Instability of the Kerr Cauchy horizon under linearised gravitational perturbations
Jan Sbierski
TL;DR
The paper establishes a rigorous linear blue-shift instability at Kerr’s Cauchy horizon for gravitational perturbations by proving that a Teukolsky s=+2 field, under horizon decay bounds with p0≥2, generically blows up at the CH when analyzed in a regular frame. The authors implement a low-frequency analysis via Teukolsky separation, analyze the ω=0 Heun equation, and relate horizon data to interior behavior through transmission coefficients, with m≠0 treated by explicit hypergeometric limits and m=0 handled via Teukolsky–Starobinsky conservation.

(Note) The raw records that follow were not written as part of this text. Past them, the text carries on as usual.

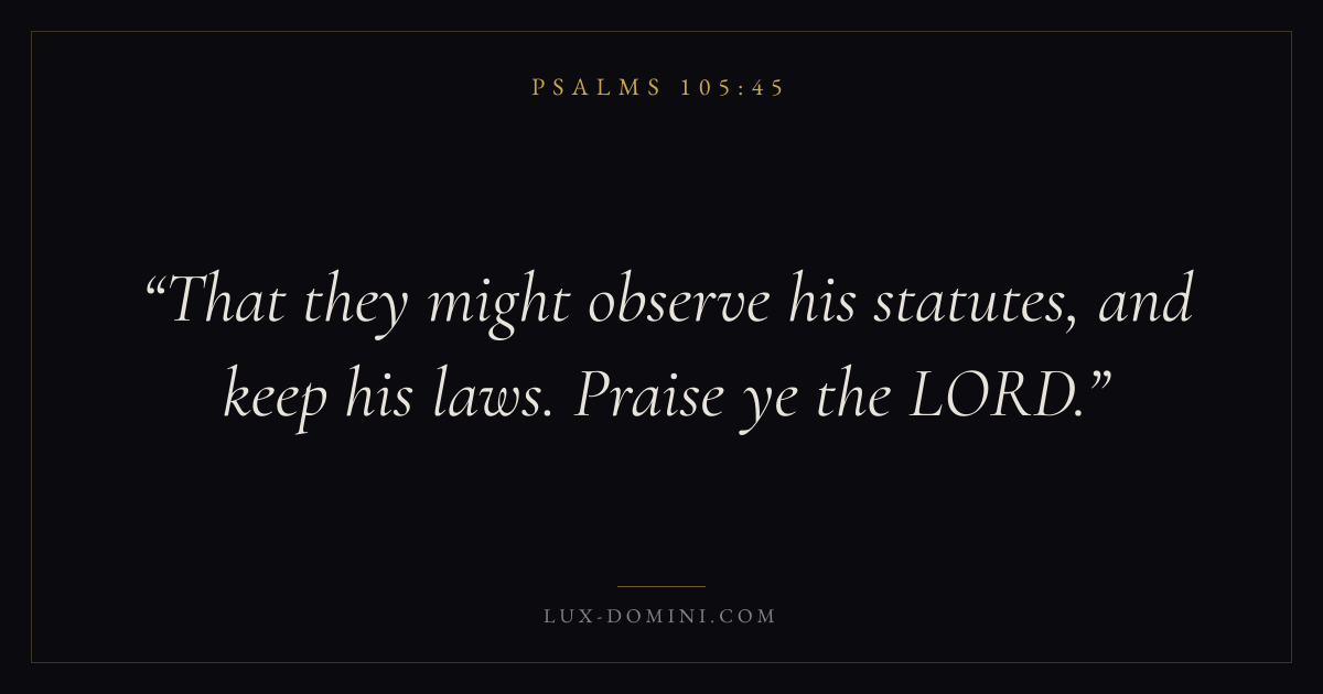 Books / Psalms / Chapter 105 / Verse 45 ← Psalms 105:44 Psalms 105:45 Psalms 106:1 → That they might observe his statutes, and keep his laws. Praise ye the LORD. Download verse card Share on Twitter Share on Facebook Pin it ✦ Key themes FaithPrayerSalvationTruthPraise Read with Hebrews 11:1Romans 10:17Matthew 6:9Luke 18:1 Related topics Bible verses about faithBible verses about prayerBible verses about salvationBible verses about truthBible verses about thankfulness and gratitude ✦ Psalms Chapter 105 verses V. 1 V. 2 V. 3 V. 4 V. 5 V. 6 V. 7 V. 8 V. 9 V. 10 V. 11 V. 12 V. 13 V. 14 V. 15 V. 16 V. 17 V. 18 V. 19 V. 20 V. 21 V. 22 V. 23 V. 24 V. 25 V. 26 V. 27 V. 28 V. 29 V. 30 V. 31 V. 32 V. 33 V. 34 V. 35 V. 36 V. 37 V. 38 V. 39 V. 40 V. 41 V. 42 V. 43 V. 44 V. 45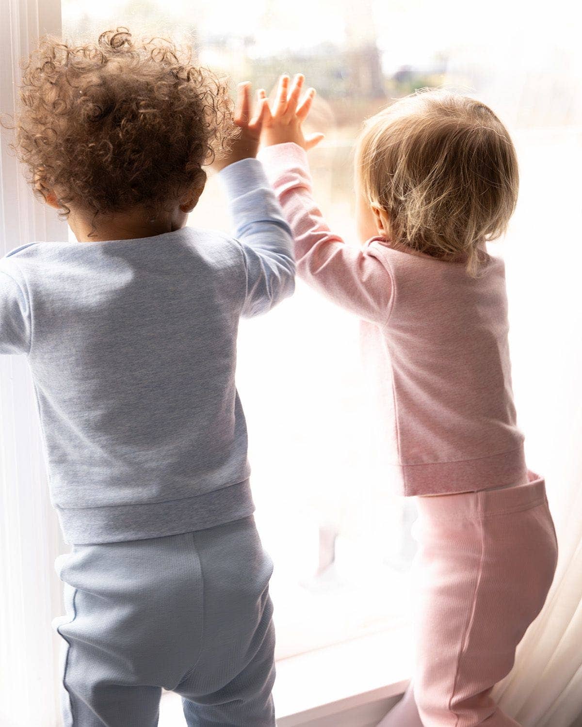 He may not be ready to ollie, but he can romp to his heart's content in our skateboard-inspired set. Both the fleece pullover top and the pull-on rib-knit leggings come in a luxe cotton-rich blend for cozy (yet breathable) comfort. The cute skateboarder graphic -- complete with embroidered board -- adds a whimsical touch.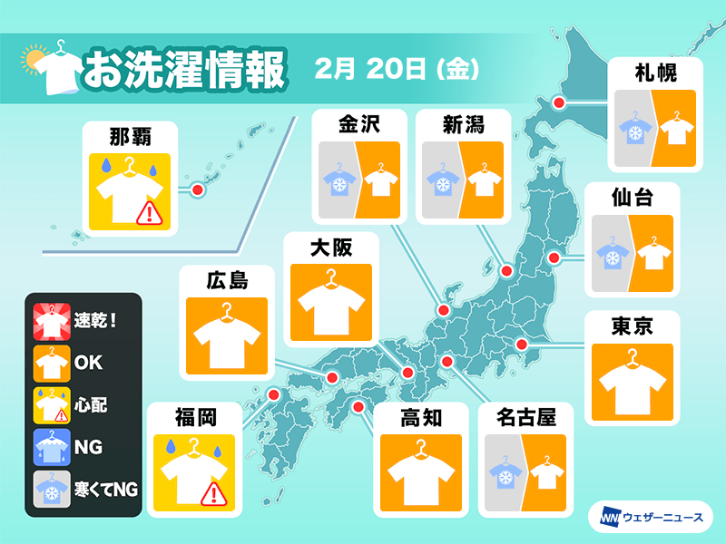 ただ、西日本は雲が目立ちにわか雨の降る時間もありそうです。また、北海道や東北北部でもにわか雨やにわか雪の可能性があります。在宅できない場合は室内干しをおすすめします。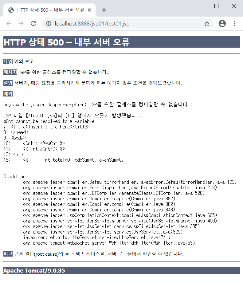 => 브라우저에서는 JSP언어를 확인 할 수 없음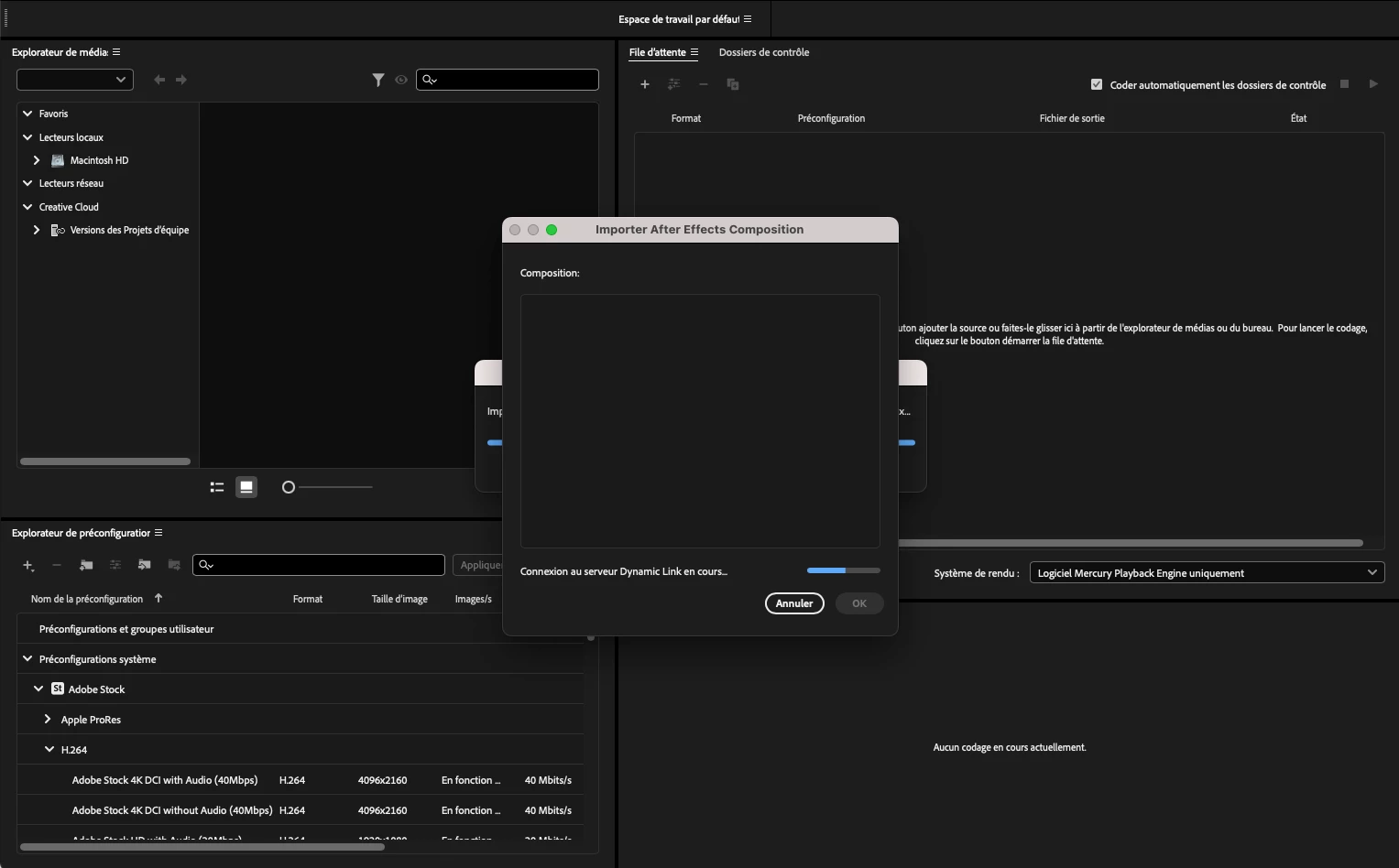 je travaille sur after effect version 24.1.0 et je ne peux plus exporter dans media encoder (version 24.1.1) mes projets. J'ai une fenetre qui mouline avec Connexion au serveur dynamic link mais il ne se passe rien.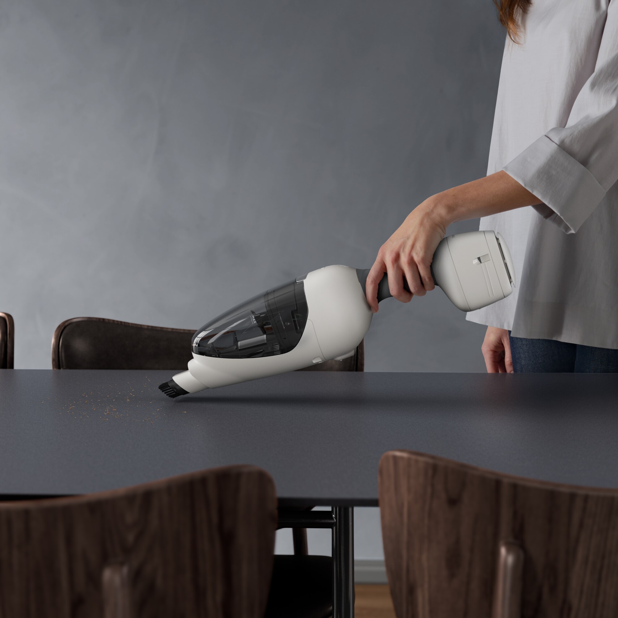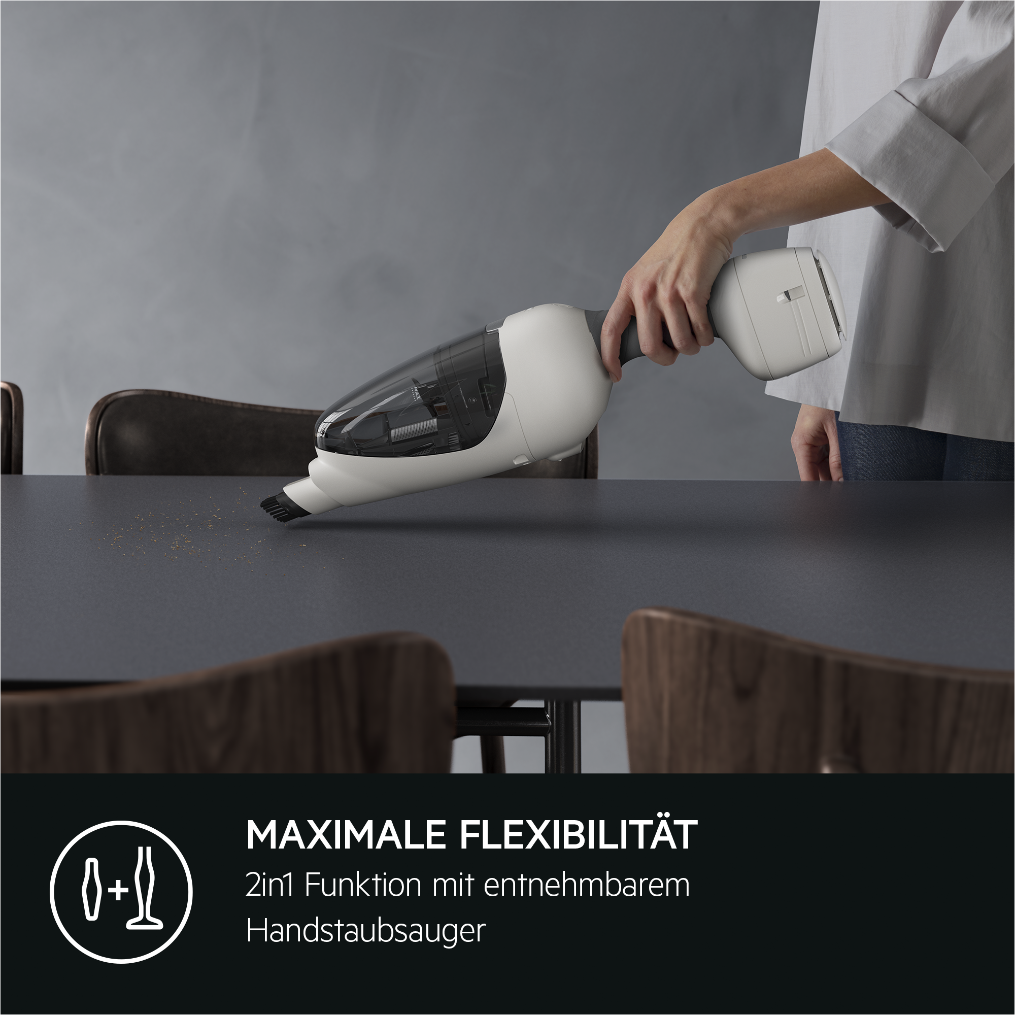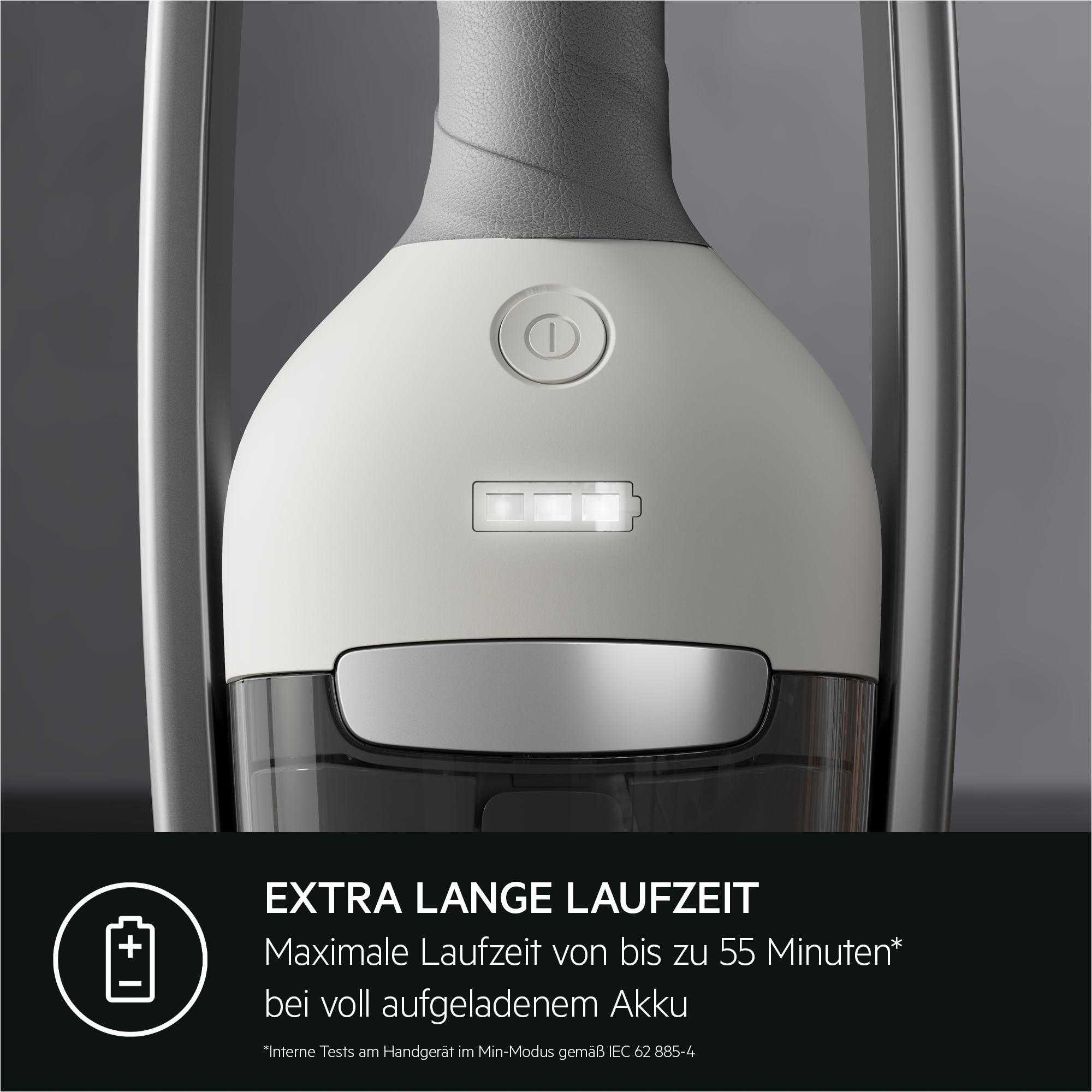 * Im Vergleich zum Modell QX6-1-44SW, basierend auf internen Tests. Leistung gemessen an der Staubaufnahme gemäß 59F - IEC 62885-2 Edition2 FDIS. Halbierter Schallleistungspegel (-3dBA) gemessen am Handgerät nach ISO 3743

This work provides the first precise, quantitative criterion linking event-horizon decay to interior singularity formation for Kerr perturbations, supporting the strong cosmic censorship program by indicating a weak null singularity at CH and guiding prospects for nonlinear stability/instability results. The results are shown to hold generically for slowly rotating Kerr with compact data (Ma–Zhang), and they lay a foundation for extending the analysis toward nonlinear Einstein dynamics and broader parameter ranges, thereby contributing a key linear milestone toward inextendibility and deterministic breakdown in rotating black hole interiors.
Abstract
This paper establishes a mathematical proof of the blue-shift instability at the sub-extremal Kerr Cauchy horizon for the linearised vacuum Einstein equations. More precisely, we exhibit conditions on the $s=+2$ Teukolsky field, consisting of suitable integrated upper and lower bounds on the decay along the event horizon, that ensure that the Teukolsky field, with respect to a frame that is regular at the Cauchy horizon, becomes singular. The conditions are in particular satisfied by solutions of the Teukolsky equation arising from generic and compactly supported initial data by the recent work [51] of Ma and Zhang for slowly rotating Kerr.